[Data excerpts Boundary: Start]

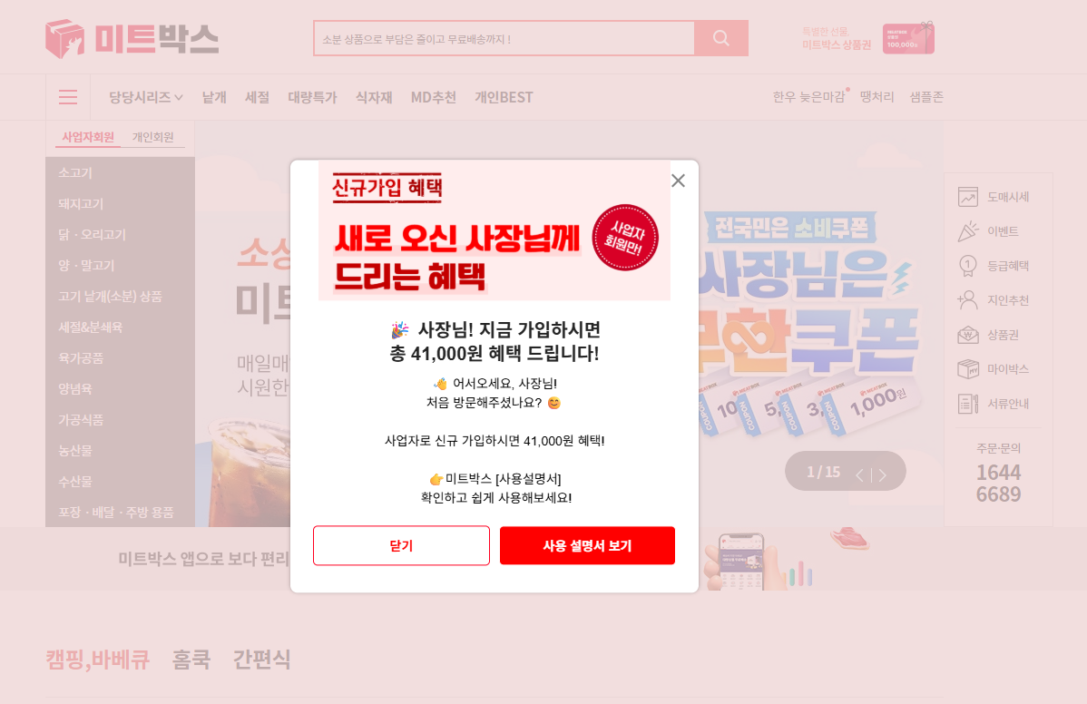 - meatbox.co.kr 접속 → 사업자 회원가입
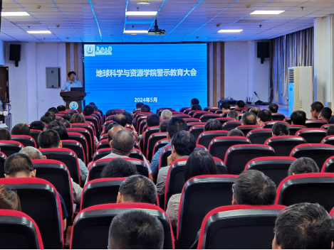 在地学科技大厦三楼报告厅召开教职工警示教育大会,学院全体教职工参加。会议由学院党委书记黄喜峰主持。
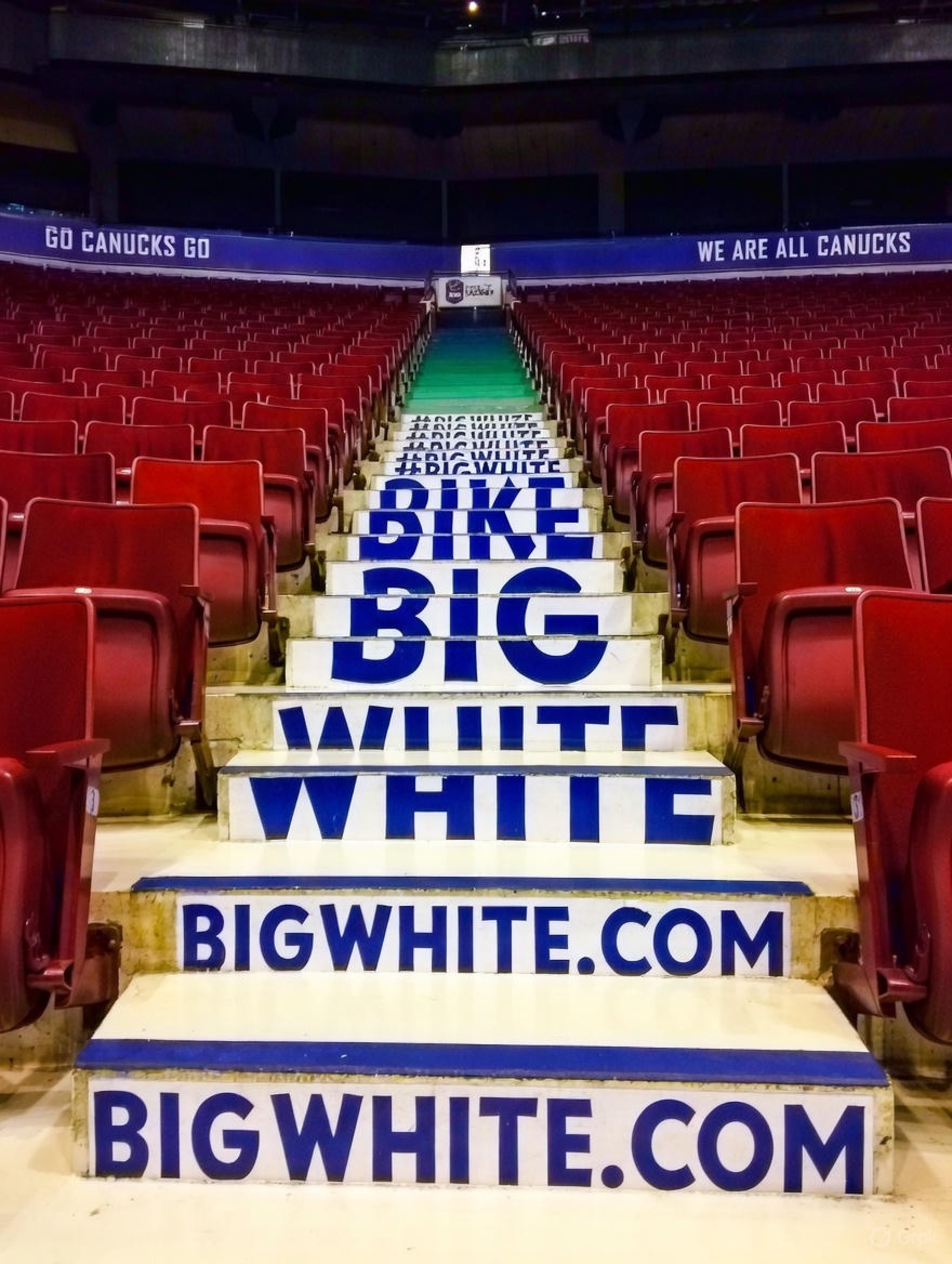 Om de hoek van BC Place ligt Rogers Arena, of zoals het destijds heette: General Motors Place. Omdat mijn reisgenoot wel wat heeft met ijshockey, en we zijn er nu toch, besloten we ook een deurtje verder te kijken. Ook dit stadion speelde een cruciale rol tijdens de Winterspelen van 2010. Tijdens die Spelen droeg het de tijdelijke naam Canada Hockey Place, omdat IOC-regels verbieden dat olympische venues naar commerciële sponsors worden vernoemd.
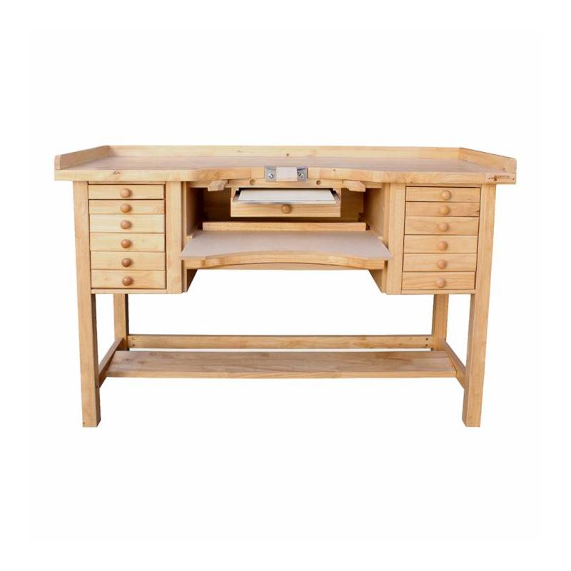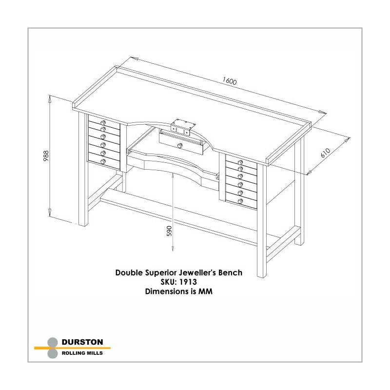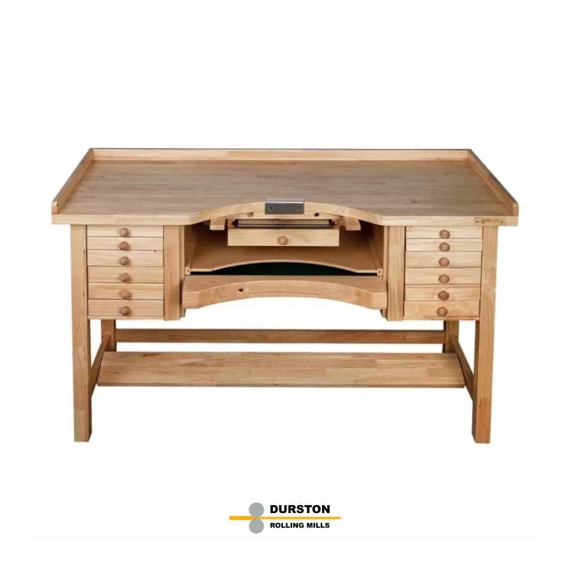 Mesa o Banco de Trabajo para Joyero Doble Superior de 1 Puesto, con cajones laterales a ambos lados. Es el banco de joyero más prestigioso "Durston Goldsmith" y está repleto de características. Fabricado en madera maciza de alta calidad. Durston Jewellers Goldsmiths Hardwood Workbench, Superior Double. England made.
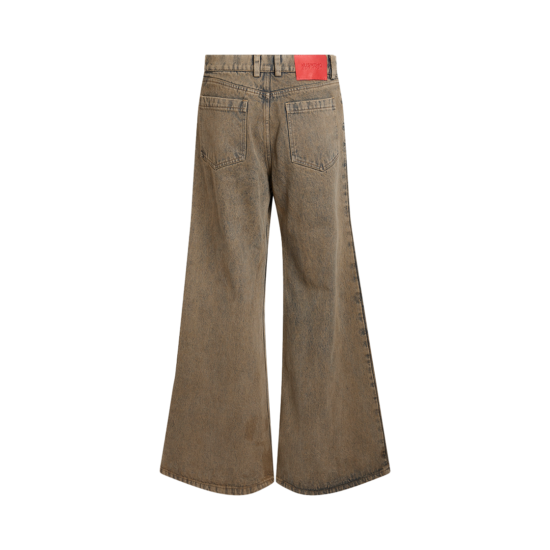 녹슨 듯한 색감과 넉넉한 실루엣이 매력적인 쿠시코크의 오버사이즈 데님 팬츠입니다. - 미드라이즈 디자인 - 와이드한 실루엣 - 지퍼 플라이 - 후면 로고 패치
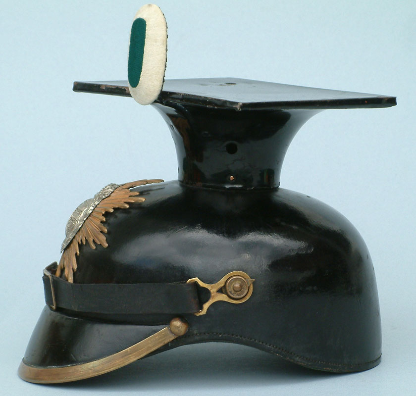 A side view of the Model 1914 Sachsen Tschapka. Note how the back of the helmet is designed so that it curves down around the wearer's skull.
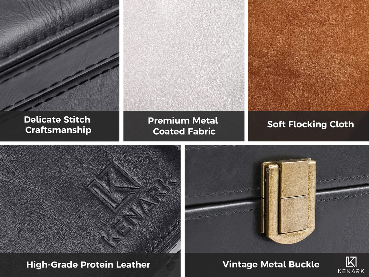 Q: What materials are used in the construction of the KENARK Faraday Box?A: The KENARK Faraday Box is crafted from high-quality protein leather and velvet cloth, combined with a sturdy wooden board and retro metal buckles, offering both durability and a luxurious aesthetic.
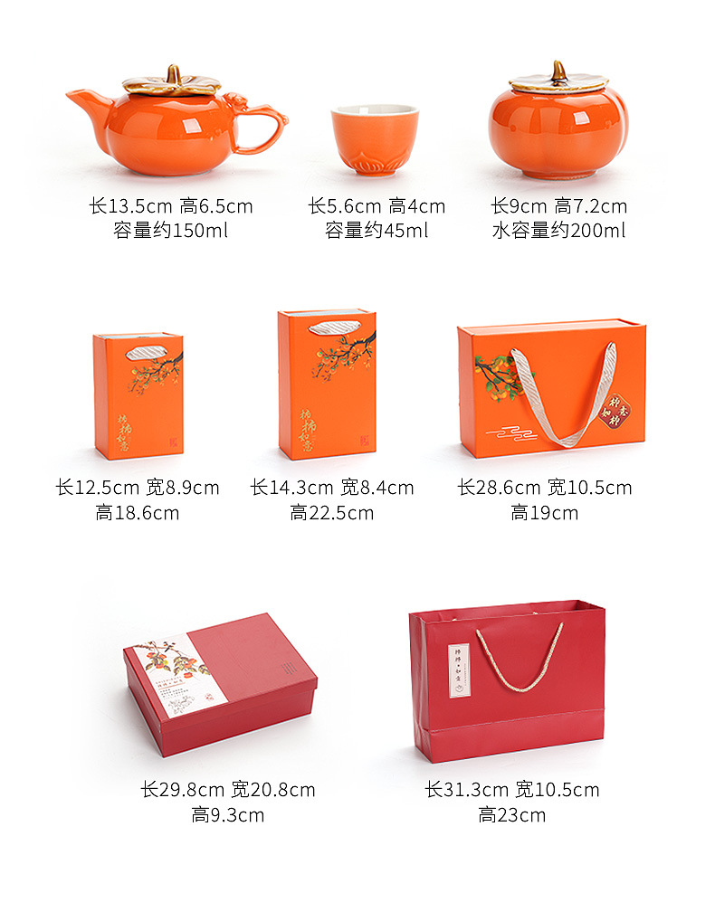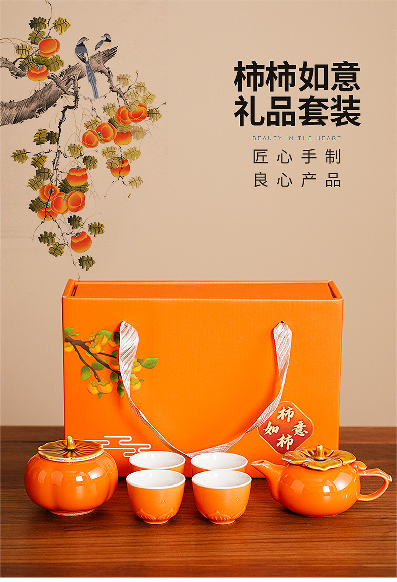 柿如意ティーセット柿ティーポットティーカップすべてギフトボックスお土産カスタムフルセットセラミックギフト小

[Data excerpts Boundary: End]

* [Exercise goal]: Locate the line containing "A side view" in the records above, then output it and every line after it through the last, excluding pictures.

* [Solution for this exercise]:
 A side view of the Model 1914 Sachsen Tschapka. Note how the back of the helmet is designed so that it curves down around the wearer's skull.
 Q: What materials are used in the construction of the KENARK Faraday Box?A: The KENARK Faraday Box is crafted from high-quality protein leather and velvet cloth, combined with a sturdy wooden board and retro metal buckles, offering both durability and a luxurious aesthetic.
 柿如意ティーセット柿ティーポットティーカップすべてギフトボックスお土産カスタムフルセットセラミックギフト小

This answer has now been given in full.